(Dataset entries)

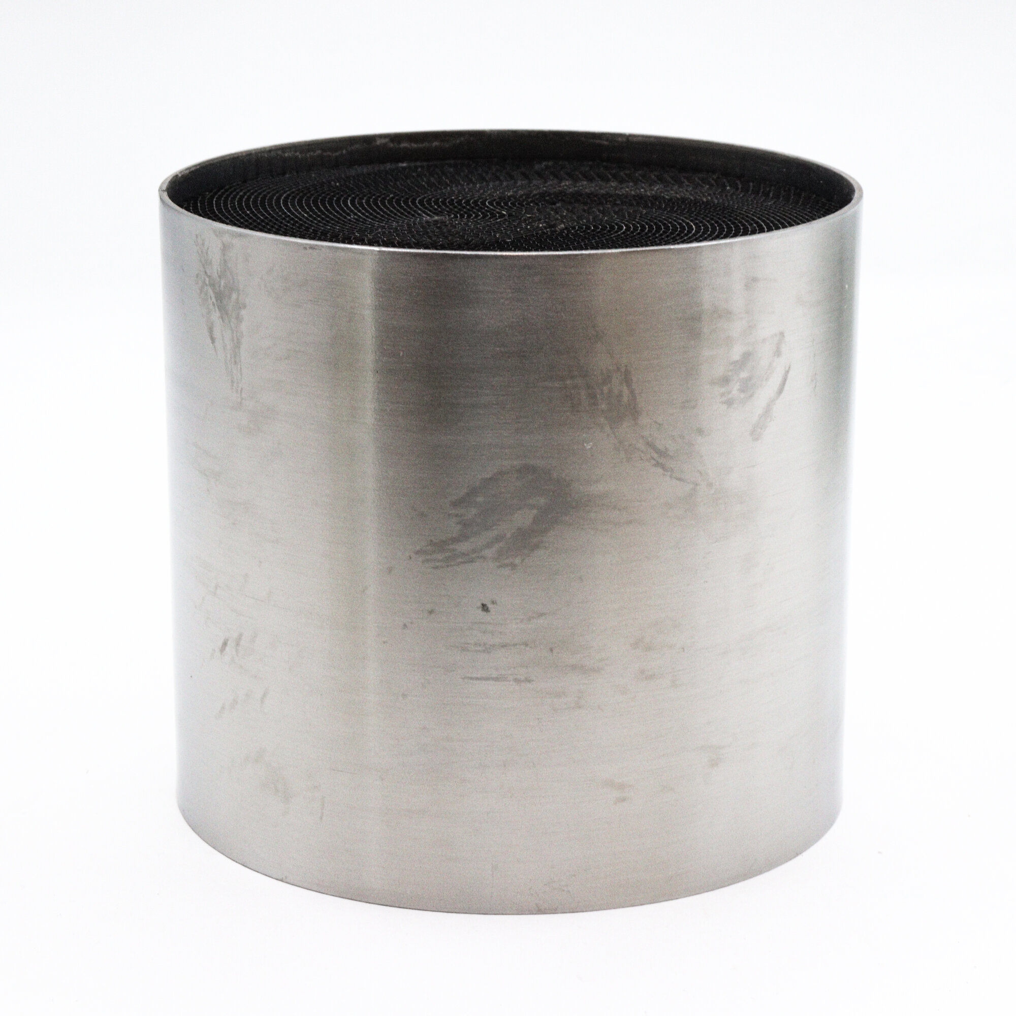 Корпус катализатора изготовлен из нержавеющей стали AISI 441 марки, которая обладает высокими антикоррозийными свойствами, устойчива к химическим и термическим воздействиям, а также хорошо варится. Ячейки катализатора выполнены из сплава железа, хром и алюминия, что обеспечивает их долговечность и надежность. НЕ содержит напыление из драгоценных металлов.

(End Dataset entries)
(Dataset entries)

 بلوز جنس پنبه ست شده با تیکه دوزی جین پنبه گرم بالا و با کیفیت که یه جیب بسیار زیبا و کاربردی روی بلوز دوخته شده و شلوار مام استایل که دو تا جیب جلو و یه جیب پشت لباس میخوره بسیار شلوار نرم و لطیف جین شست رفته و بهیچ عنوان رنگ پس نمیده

(End Dataset entries)
(Dataset entries)

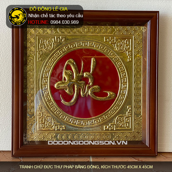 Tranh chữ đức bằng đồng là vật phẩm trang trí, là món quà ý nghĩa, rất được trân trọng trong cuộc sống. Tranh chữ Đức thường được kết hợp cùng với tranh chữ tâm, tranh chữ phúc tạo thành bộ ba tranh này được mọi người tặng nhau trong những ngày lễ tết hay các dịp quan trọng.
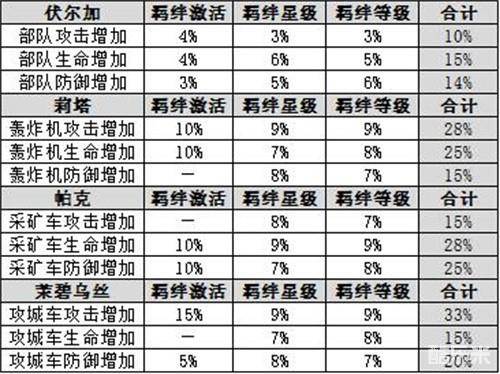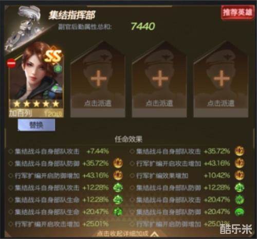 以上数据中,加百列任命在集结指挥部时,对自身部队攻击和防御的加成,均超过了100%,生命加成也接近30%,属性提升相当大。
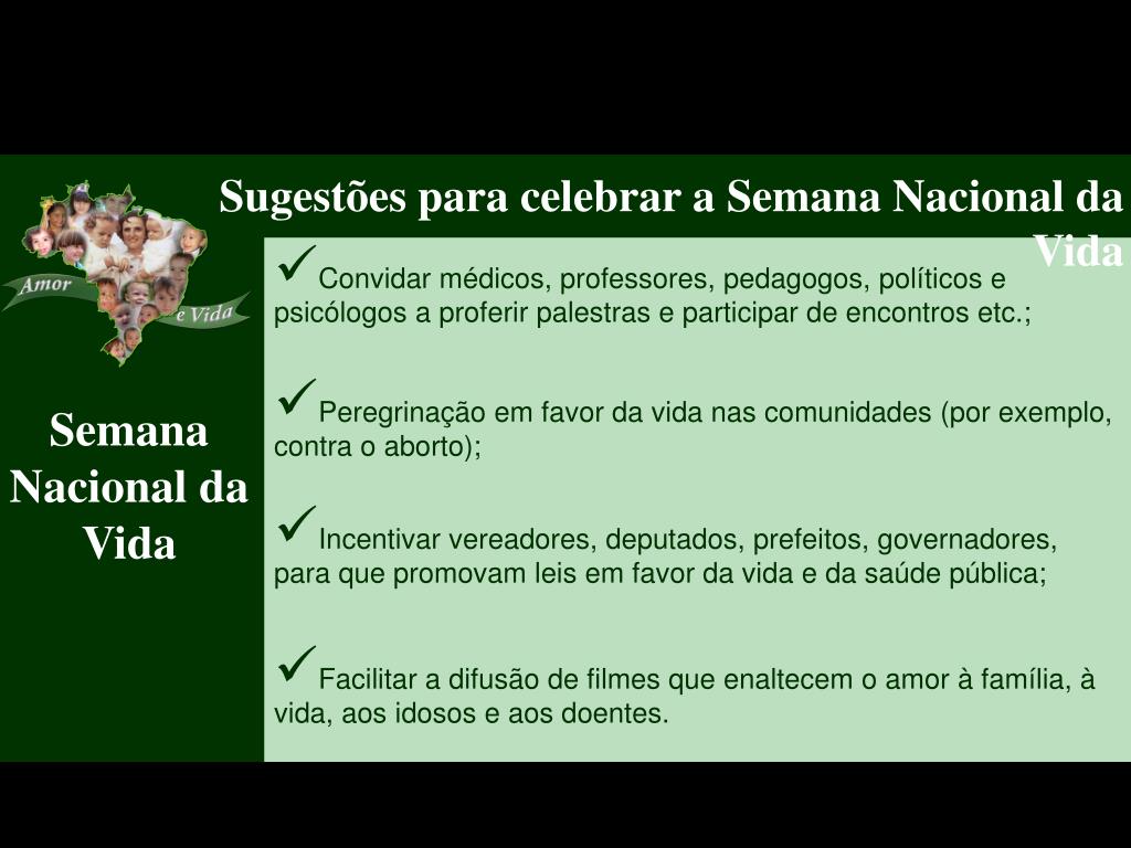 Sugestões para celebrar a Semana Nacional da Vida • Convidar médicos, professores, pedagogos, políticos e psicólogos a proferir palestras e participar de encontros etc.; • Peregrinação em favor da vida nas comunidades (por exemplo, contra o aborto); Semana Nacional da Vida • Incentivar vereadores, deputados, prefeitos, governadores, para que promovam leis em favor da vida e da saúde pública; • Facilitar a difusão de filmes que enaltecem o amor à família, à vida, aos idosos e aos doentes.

(End Dataset entries)

> Task to carry out
Copy nothing but the lines above that run from the one with "以上数据中,加百列任命在集结" to the one with "Sugestões para celebrar", ends included; pictures stay out.

> Answer box
 以上数据中,加百列任命在集结指挥部时,对自身部队攻击和防御的加成,均超过了100%,生命加成也接近30%,属性提升相当大。
 Sugestões para celebrar a Semana Nacional da Vida • Convidar médicos, professores, pedagogos, políticos e psicólogos a proferir palestras e participar de encontros etc.; • Peregrinação em favor da vida nas comunidades (por exemplo, contra o aborto); Semana Nacional da Vida • Incentivar vereadores, deputados, prefeitos, governadores, para que promovam leis em favor da vida e da saúde pública; • Facilitar a difusão de filmes que enaltecem o amor à família, à vida, aos idosos e aos doentes.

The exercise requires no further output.